▶ [WHAT IS NEEDED] Set every line of the data down again exactly, and keep the pictures out.

▶ [RAW DATA]
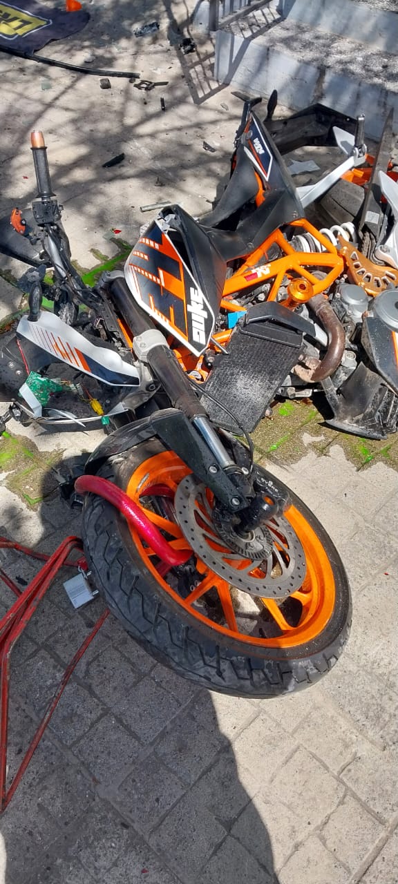 terminó impactando contra una motocicleta KTM Duke 390 que se encontraba
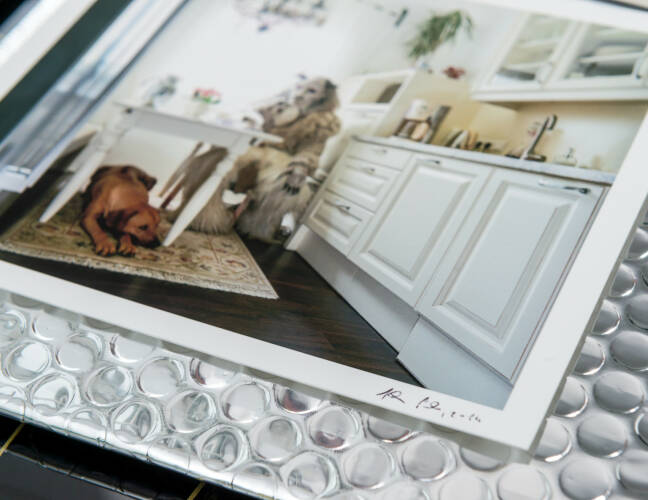 Comments: Limited to 25 copies, signed and numbered, 5 different prints to choose 13 x 17 cm (printed on Hahnemühle Fine Art Ultra Smooth and signed below the photograph) limited postcard, JUST THE TWO OF US hologram sticker, silver metallic envelope wrap with sticker BOOK: Leporello, handmade, 645cm folded to 38 pages, hardbound, black cardboard cover with silver-metallic hot foil stamping, 26×16.6 cm (open: 26 x 645 cm), printed on Munken uncoated paper, English text.
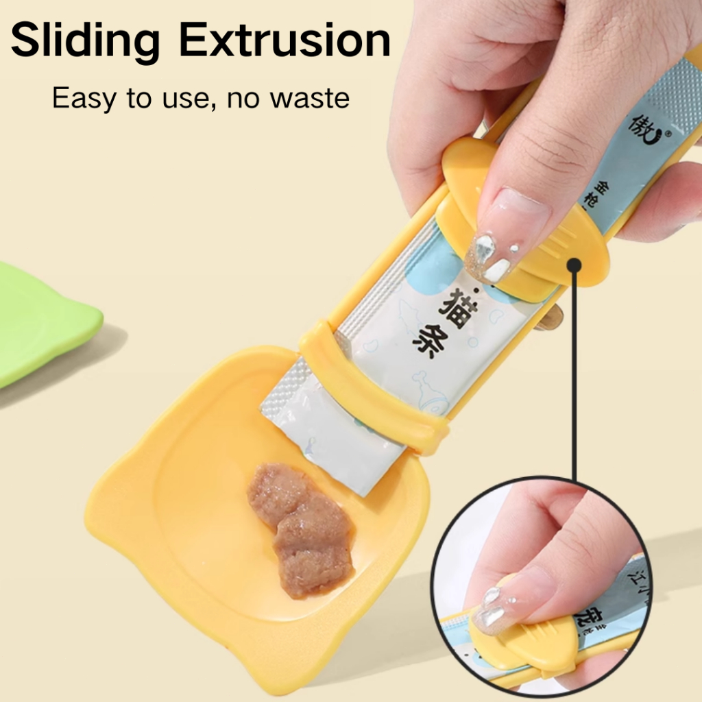 Quality:good Suitability:good Appearance:good Bought one earlier and found it super useful. The front part can be pressed down like a seal for opened stick puree treats. The spoon is great for preventing my greedy cats from biting through the pack and potentially the fingers of my visitor feeders haha
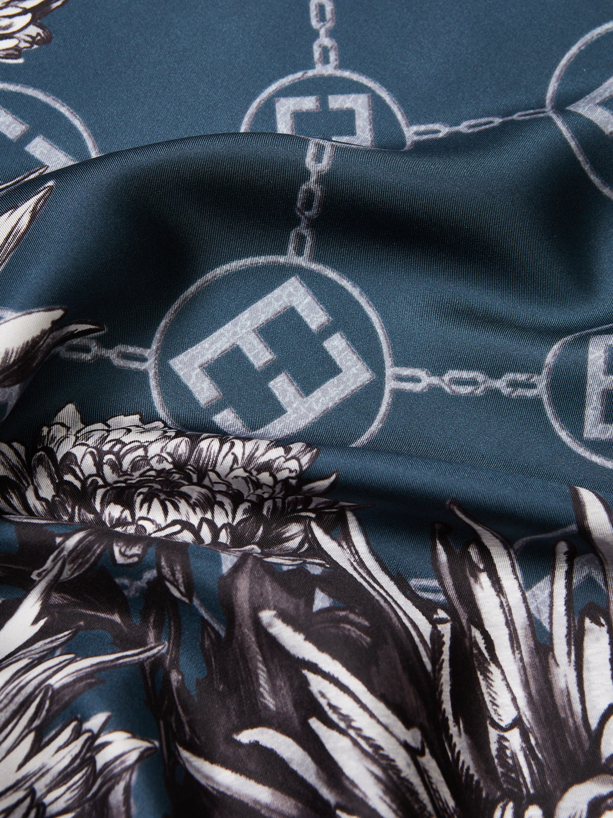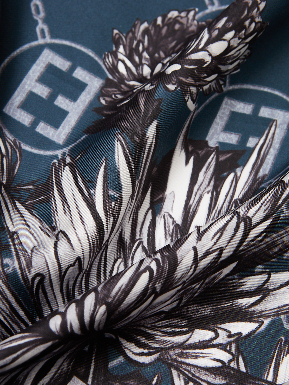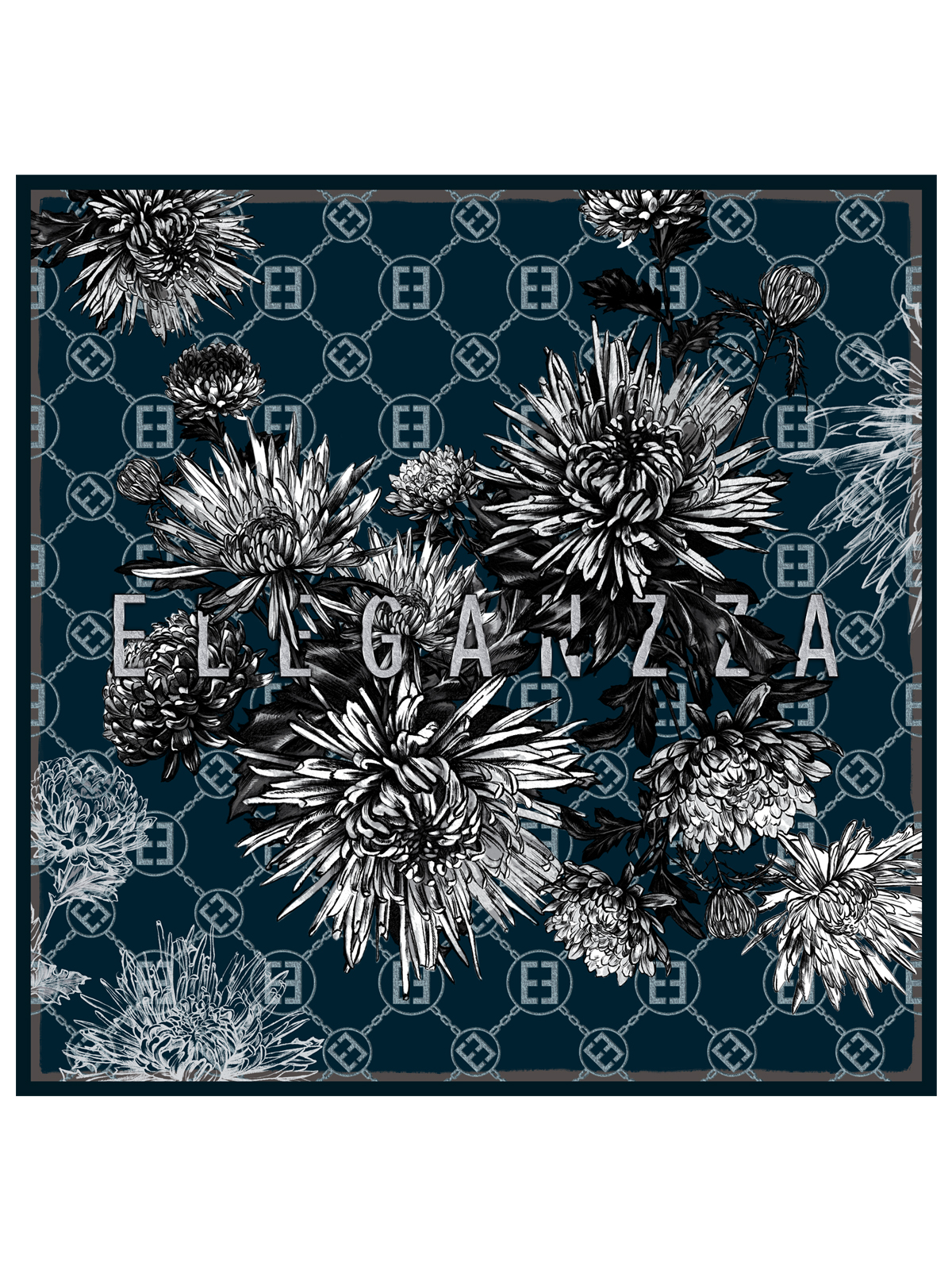 Платок женский торговой марки ELEGANZZA выполненный из натурального шелка. Графичные астры выполненные в эффекте угольного эскиза органично переплетаются с фирменным логотипом бренда. Рисунок размещен на фоне имитации жаккардового фона с повторяющимися эмблемами создавая глубину и узнаваемый стиль. Деликатная ручная работа - подгибка на лицевую сторону.

▶ [RESPONSE FOR THIS EXERCISE]
 terminó impactando contra una motocicleta KTM Duke 390 que se encontraba
 Comments: Limited to 25 copies, signed and numbered, 5 different prints to choose 13 x 17 cm (printed on Hahnemühle Fine Art Ultra Smooth and signed below the photograph) limited postcard, JUST THE TWO OF US hologram sticker, silver metallic envelope wrap with sticker BOOK: Leporello, handmade, 645cm folded to 38 pages, hardbound, black cardboard cover with silver-metallic hot foil stamping, 26×16.6 cm (open: 26 x 645 cm), printed on Munken uncoated paper, English text.
 Quality:good Suitability:good Appearance:good Bought one earlier and found it super useful. The front part can be pressed down like a seal for opened stick puree treats. The spoon is great for preventing my greedy cats from biting through the pack and potentially the fingers of my visitor feeders haha
 Платок женский торговой марки ELEGANZZA выполненный из натурального шелка. Графичные астры выполненные в эффекте угольного эскиза органично переплетаются с фирменным логотипом бренда. Рисунок размещен на фоне имитации жаккардового фона с повторяющимися эмблемами создавая глубину и узнаваемый стиль. Деликатная ручная работа - подгибка на лицевую сторону.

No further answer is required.